LSTM with Keras functional API (1)

153 阅读 0 评论 101 点赞

我是靠谱客的博主饱满钢笔，最近开发中收集的这篇文章主要介绍LSTM with Keras functional API (1)，觉得挺不错的，现在分享给大家，希望可以做个参考。

概述

There are two main types of models available in Keras: the Sequential model, and the tf.keras.Model class. In this post, we will focus on the latter.

Model is a class that can group layers into an object with training and inference features. There are two ways to instantiate a Model:

1. With the basic “functional API”

We start from the input, and chain layer calls to specify the model’s forward pass, and this model will include all layers required in the computation of outputs given inputs.

from keras.models import Model
from keras.layers import Input, Dense

inputs = Input(shape=(32,))
outputs = Dense(32)(inputs)
model = Model(inputs = inputs, outputs = outputs)
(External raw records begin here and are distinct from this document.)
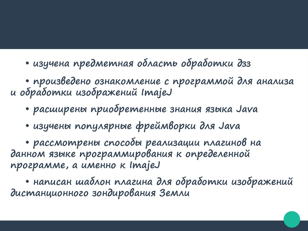 • изучена предметная область обработки дзз• произведено ознакомление с программой для анализа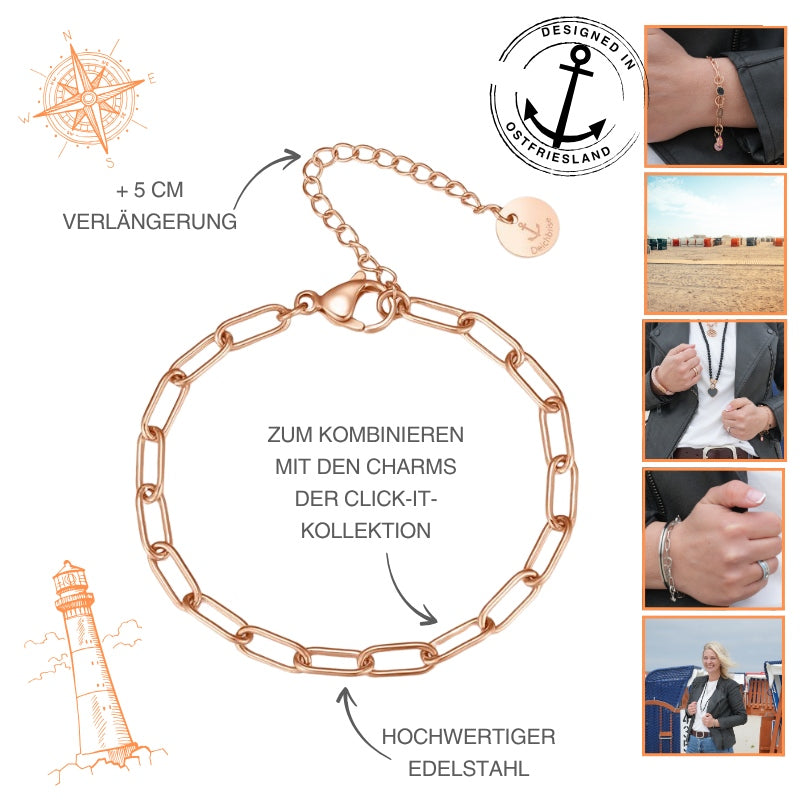 Ob maritim, verspielt oder sportlich-elegant – du entscheidest, welche Charms dein Handgelenk schmücken. Das Armband passt zu allen Charms der Click-it Kollektion und lässt sich ganz nach deinem Stil gestalten.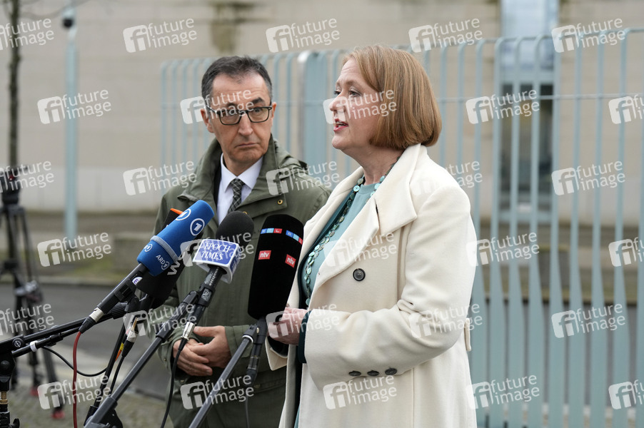 Cem Özdemir und Lisa Paus beim Pressestatement über Bildungs- und Betreuungsangebote für Grundschulkinder sowie zum Engagementbericht vor dem Bundeskanzleramt. Berlin, 04.12.2024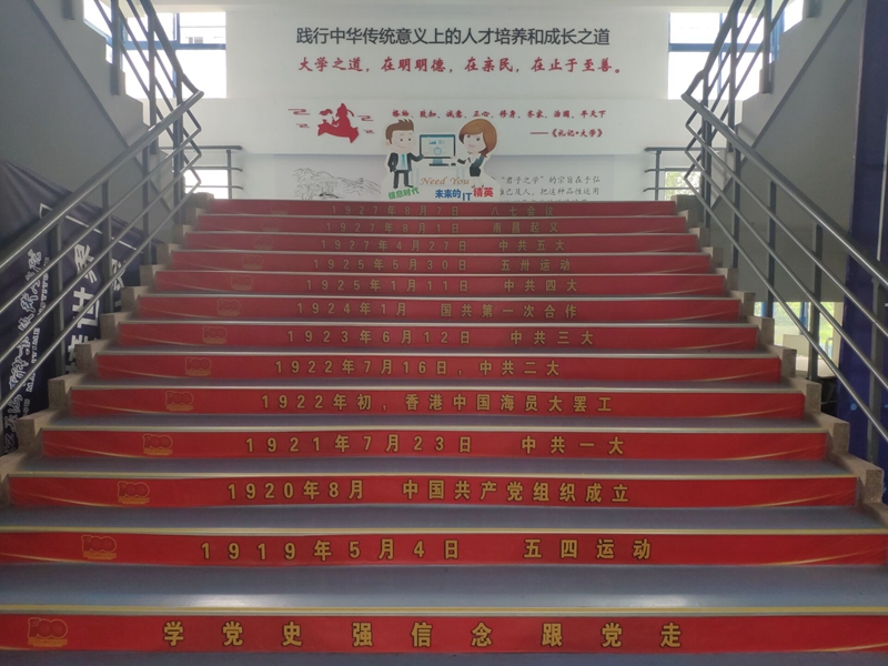 党史学习教育开展以来,信息工程学院党总支因地制宜积极探索党史学习教育方式方法,努力把党史学习教育融入日常,行于经常。近日,学院党总支积极创新举措,通过精心设计规划,在学院楼梯台阶立面以时间顺序,贴上了精美的党史知识条,引导师生学习、了解中国共产党筚路蓝缕奠基立业的百年历程,教育师生坚定爱党爱国信念。

2. By subclassing the `Model` class

We can also build fully-customizable models by subclassing the Model class. In this case, we should define the layers in __init__ and implement the model’s forward pass in call.

from keras.models import Model
from keras.layers import Dense

class MyModel(Model):
  def __init__(self):
    super(MyModel, self).__init__()
    self.dense_1 = Dense(32, activation='relu')
    self.dense_2 = Dense(1, activation='sigmoid')
    
  def call(self, inputs):
    h1 = self.dense_1(inputs)
    return self.dense_2(h1)

class 是用来描述具有相同attributes和methods的objects的集合。它定义了该集合中每个object所共有的attributes和methods。object是class的instance。
特性：
1.封装：使用构造方法将内容封装到object中，然后通过object直接或者self间接获取被封装的内容。
2.继承：将多个class共有的方法提取到Superclass中，Subclass仅需继承Superclass而不必一一实现每个方法。比如：
(1) class MyModel(tf.keras.Model):中，Subclass MyModel 将继承其Superclass tf.keras.Model 中的attributes和methods。
(2) super(MyModel, self).__init__()表示调用Mymodel的Superclass，即class tf.keras.Model的__init__()函数。最终使MyModel继承到其父类的attributes。
3.多态

Example: build an LSTM model

Our model starts with an embedding layer followed by an LSTM layer and an output layer. Let’s assume the inputs of Embedding layer are some batches of integer encoded sequence with length of 100.

class Model(tf.keras.Model):
    def __init__(self, vocab_size, embedding_dim, hidden_size):
        super(Model, self).__init__()
        self.hidden_size = hidden_size

        self.embedding = tf.keras.layers.Embedding(vocab_size, embedding_dim)
        self.lstm = tf.keras.layers.CuDNNLSTM(self.hidden_size, return_sequences=True, recurrent_initializer='glorot_uniform', stateful=True)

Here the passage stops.